§ **DIRECTIONS FOR THIS TASK**: Beginning with the line containing "(汽車打氣機 輪胎打氣機 胎壓檢測)" and ending at the last line of the records, transcribe each line exactly. Do not include pictures.

Start of LISTED RECORDS

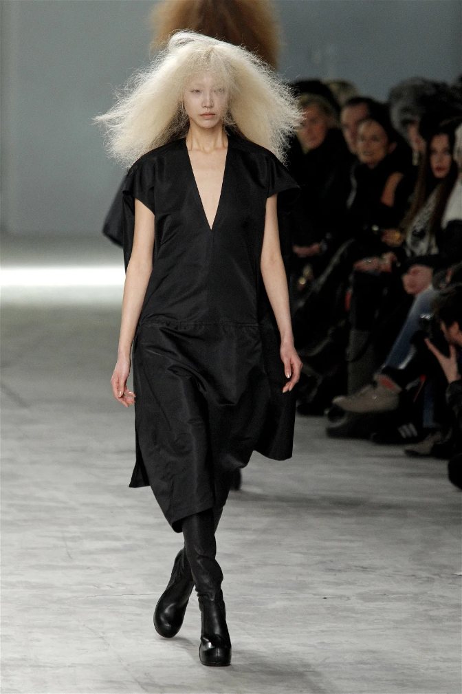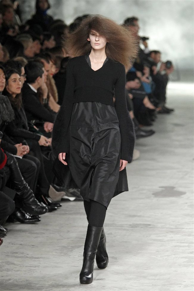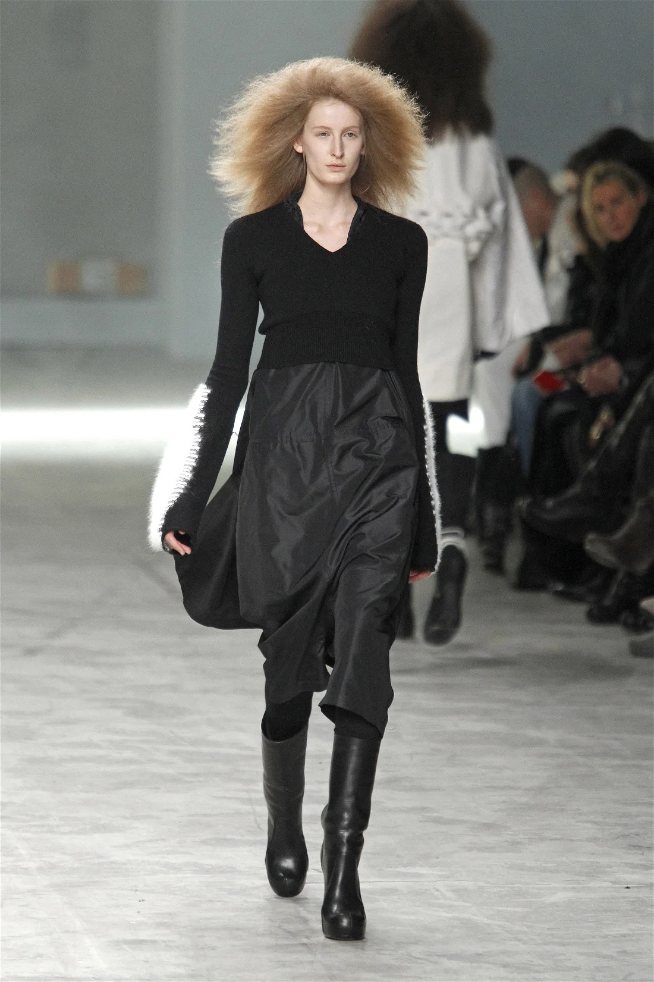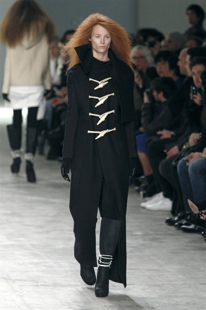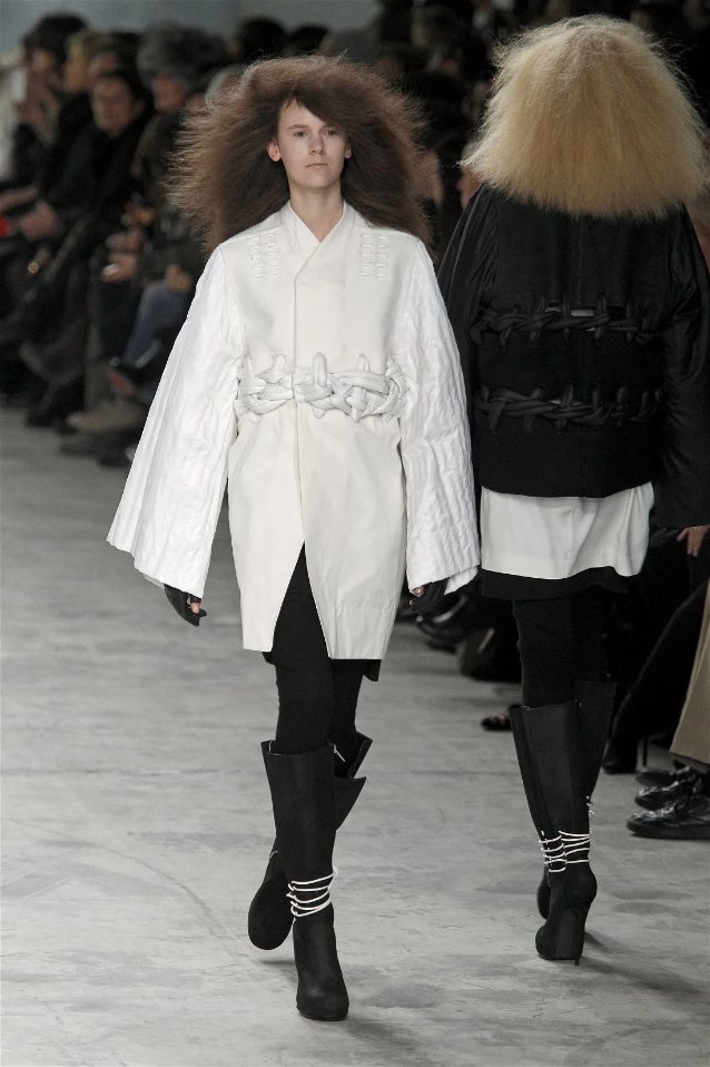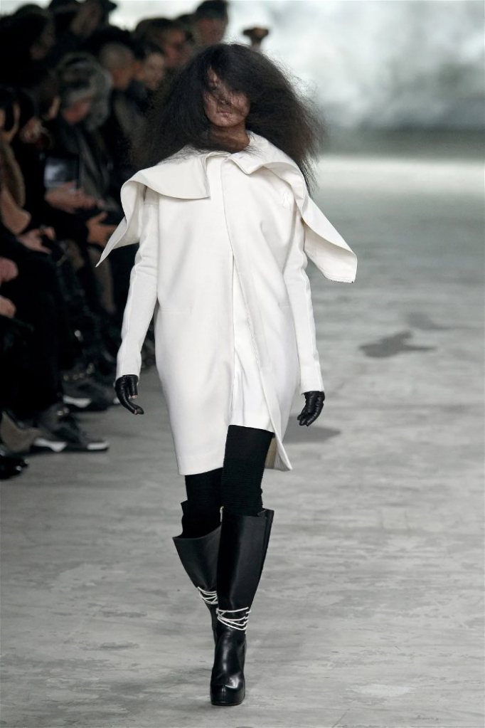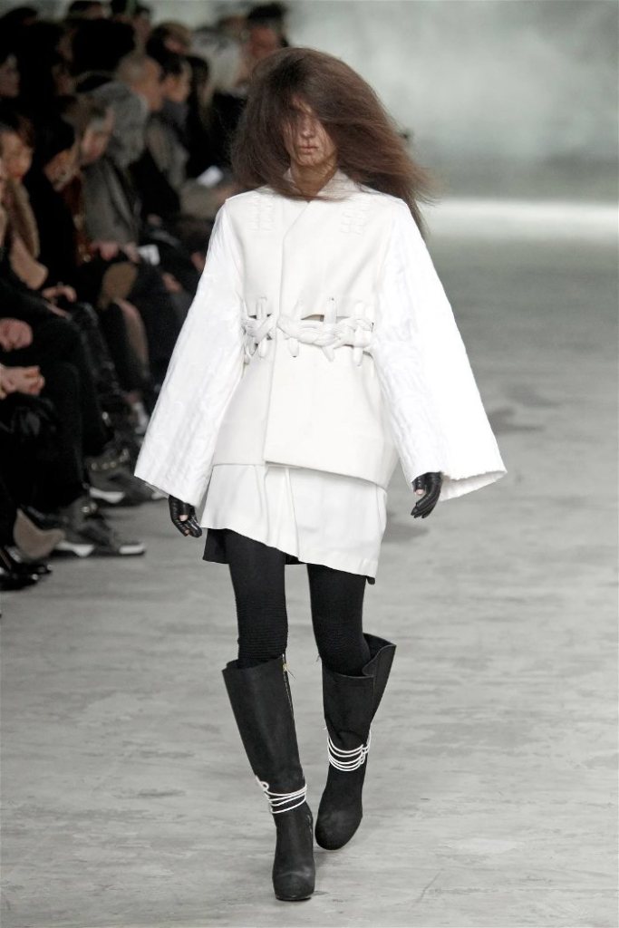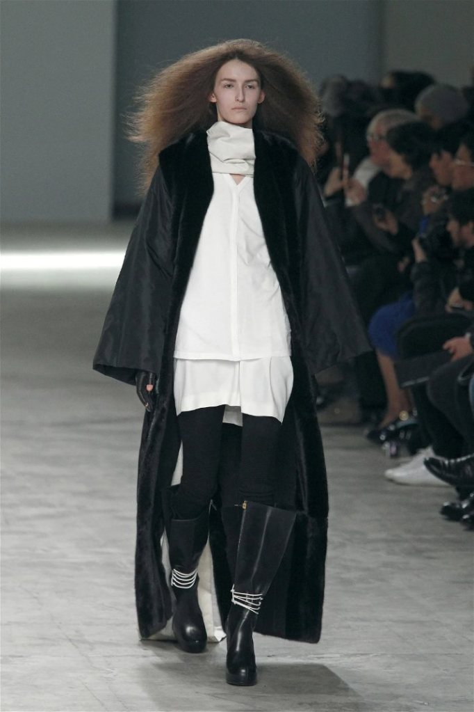 Owens brings in Japanese influences, playing with textures and volumes to create something both bold and beautiful. The show began with steam billowing from behind the models, who stepped out with tousled hair, adding an ethereal touch to the clothing. The pieces focused on layering and volume, with floor-length silhouettes and oversized kimono sleeves. Some of the coats featured unzipped hoods, which draped like soft ruffles, adding a graceful, yet powerful vibe.
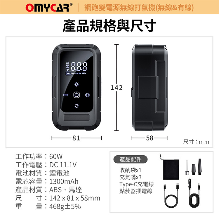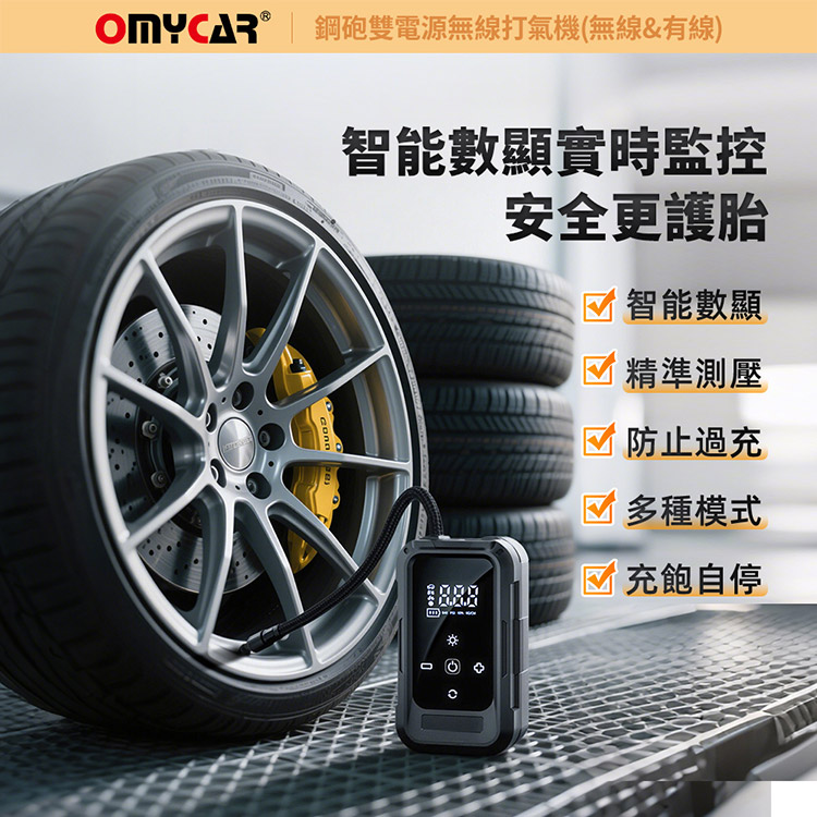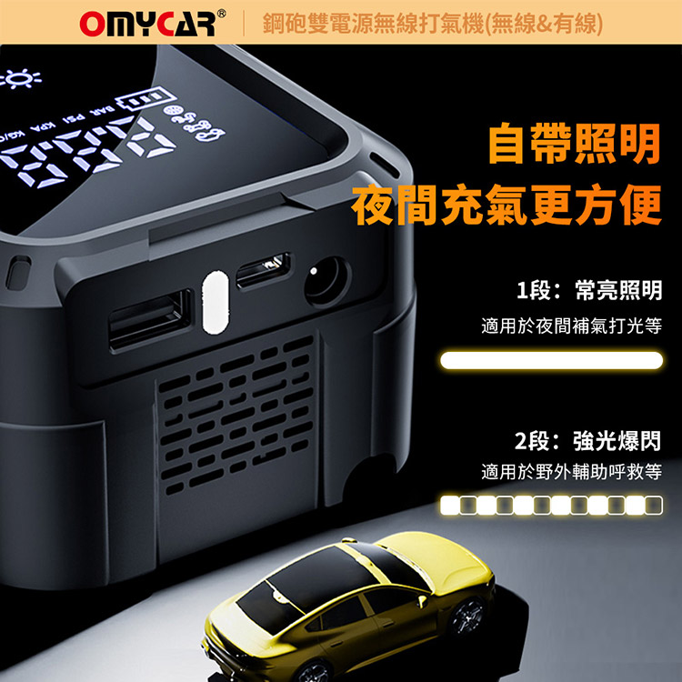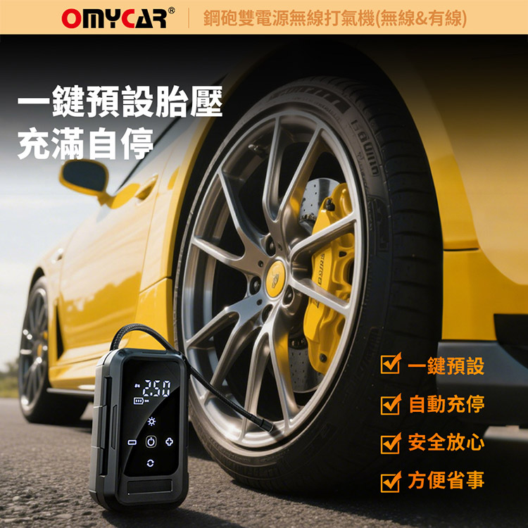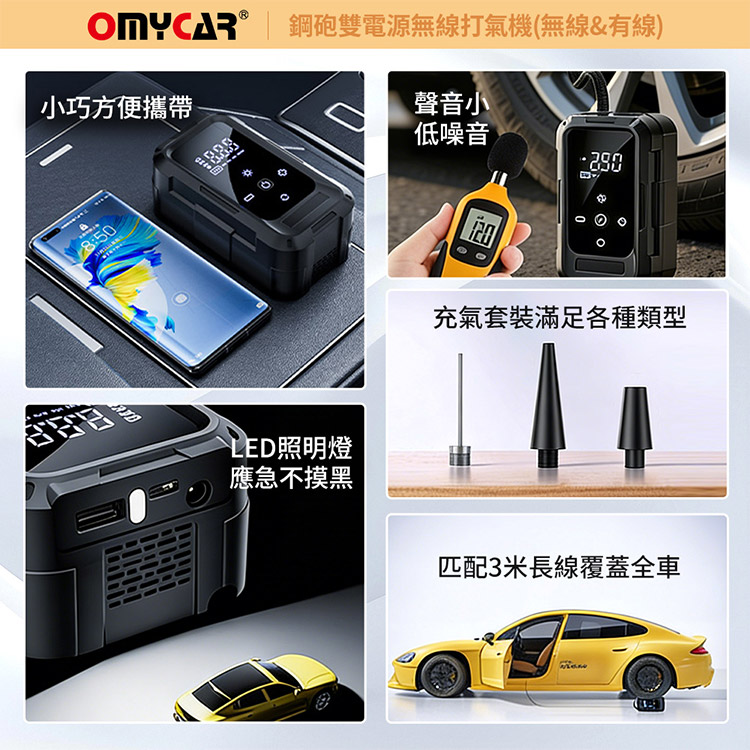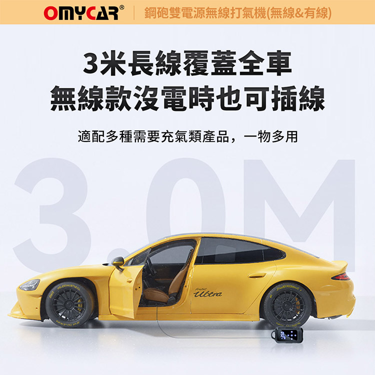 【OMyCar】鋼砲雙電源無線打氣機(無線&有線)一年保固 (汽車打氣機 輪胎打氣機 胎壓檢測)
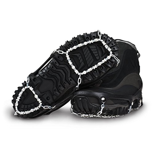 The ICEtrekkers Diamond Grips provide aggressive traction in all winter walking conditions, from boilerplate ice to backcountry snow and everything in between. As a result, you won't slip while walking to your car in the parking lot or working in tough snow conditions. They grips are also effective when transitioning through gravel, rock and mud from icy surfaces. Made of case-hardened steel alloy and strung on steel aircraft cable, the grips' patented diamond beads have hundreds of biting edges that grip in all directions. With the diamond beads, it's almost impossible to slip. The Diamond Grips are also easy to put and take off thanks to the tough rubber sling, which fits almost every footwear type, from athletic shoes to work boots to dress shoes. And the sling remains elastic even in subzero temperatures, so you needn't worry about the grips falling off in deep snow. Diamond Grips are even self-clearing, so there's no snow or ice buildup.Feature
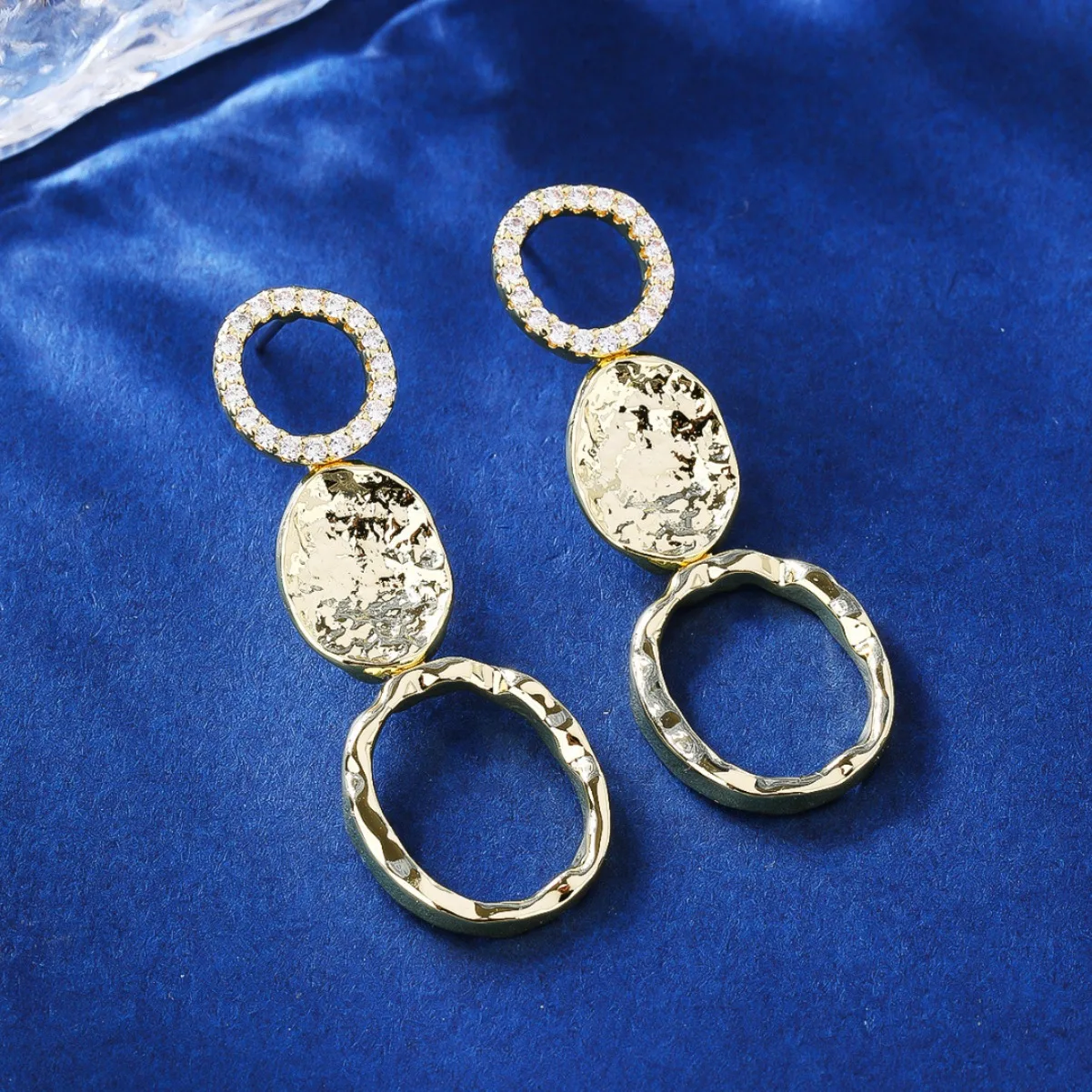 Fashionable Gold-Plated Simple Pendant Drop Earrings for Women Daily Wearing Butterfly Shape with Diamond and Brass Material
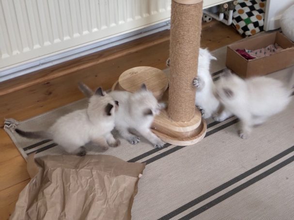 Unsere Katzen leben in einem liebevollen Haushaltsumfeld, was ihr Temperament und ihr Sozialverhalten fördert. Sie wachsen inmitten unserer Familie auf und lernen die gewöhnlichen Haushaltsgeräusche kennen.
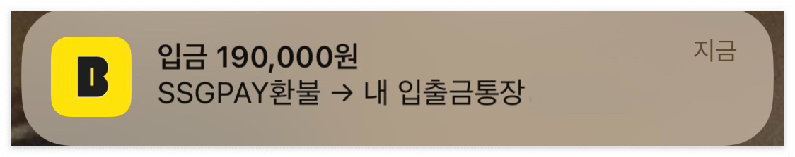 바로 입금되진 않아요. 30분 정도 기다리니 입금 알림이 왔습니다.
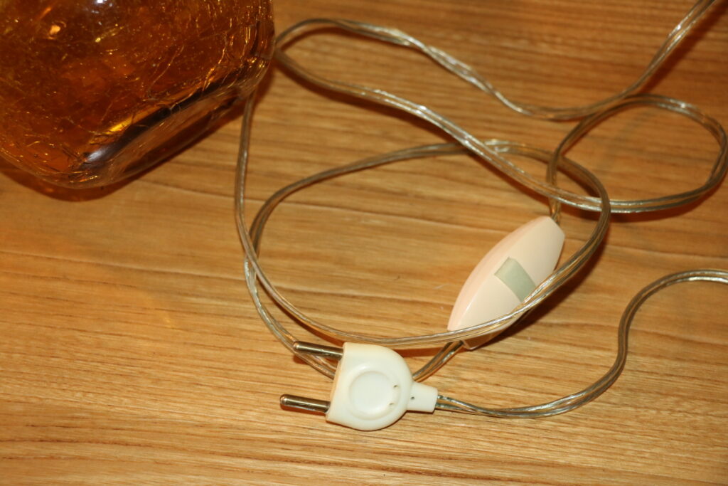 Lampe en bel état équipée d’une douille E27 à baïonnette ; câble électrique avec interrupteur fonctionnel d’origine ; vendu avec abat-jour
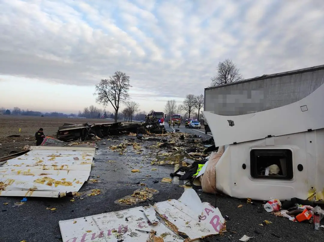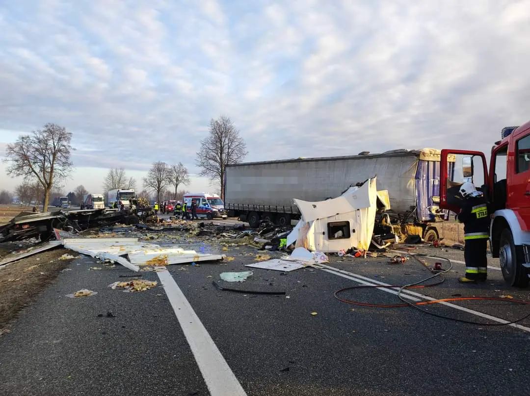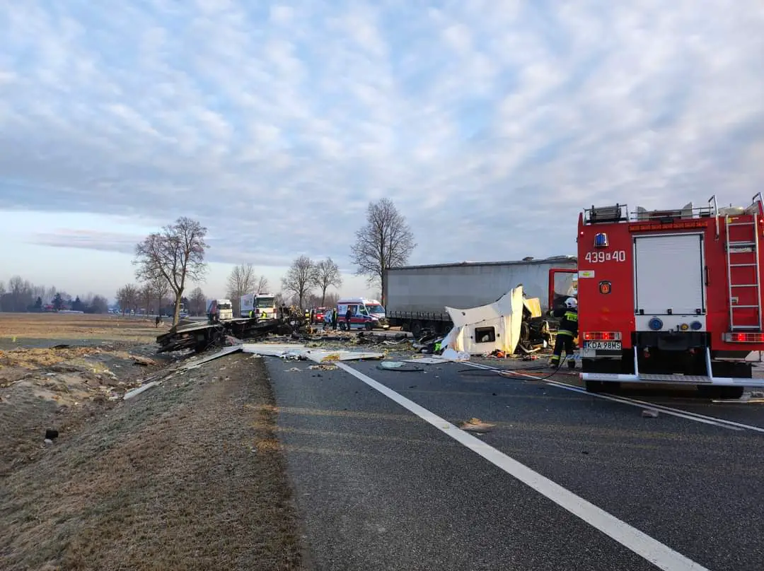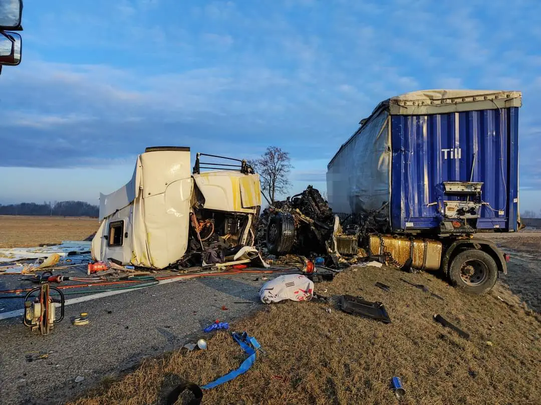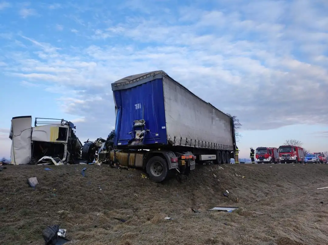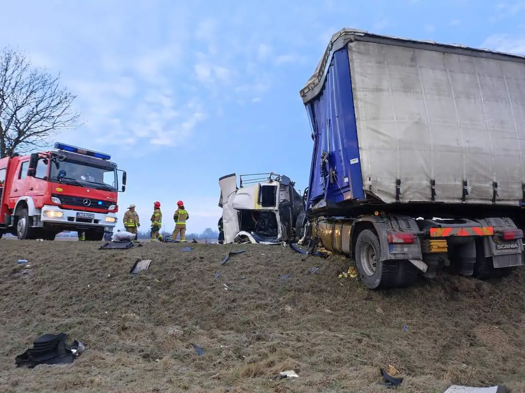 Jedna osoba zginęła na miejscu, jedna została ranna. To bilans wypadku z udziałem dwóch samochodów ciężarowych.

End of LISTED RECORDS

§ **TASK RESPONSE**:
 【OMyCar】鋼砲雙電源無線打氣機(無線&有線)一年保固 (汽車打氣機 輪胎打氣機 胎壓檢測)
 The ICEtrekkers Diamond Grips provide aggressive traction in all winter walking conditions, from boilerplate ice to backcountry snow and everything in between. As a result, you won't slip while walking to your car in the parking lot or working in tough snow conditions. They grips are also effective when transitioning through gravel, rock and mud from icy surfaces. Made of case-hardened steel alloy and strung on steel aircraft cable, the grips' patented diamond beads have hundreds of biting edges that grip in all directions. With the diamond beads, it's almost impossible to slip. The Diamond Grips are also easy to put and take off thanks to the tough rubber sling, which fits almost every footwear type, from athletic shoes to work boots to dress shoes. And the sling remains elastic even in subzero temperatures, so you needn't worry about the grips falling off in deep snow. Diamond Grips are even self-clearing, so there's no snow or ice buildup.Feature
 Fashionable Gold-Plated Simple Pendant Drop Earrings for Women Daily Wearing Butterfly Shape with Diamond and Brass Material
 Unsere Katzen leben in einem liebevollen Haushaltsumfeld, was ihr Temperament und ihr Sozialverhalten fördert. Sie wachsen inmitten unserer Familie auf und lernen die gewöhnlichen Haushaltsgeräusche kennen.
 바로 입금되진 않아요. 30분 정도 기다리니 입금 알림이 왔습니다.
 Lampe en bel état équipée d’une douille E27 à baïonnette ; câble électrique avec interrupteur fonctionnel d’origine ; vendu avec abat-jour
 Jedna osoba zginęła na miejscu, jedna została ranna. To bilans wypadku z udziałem dwóch samochodów ciężarowych.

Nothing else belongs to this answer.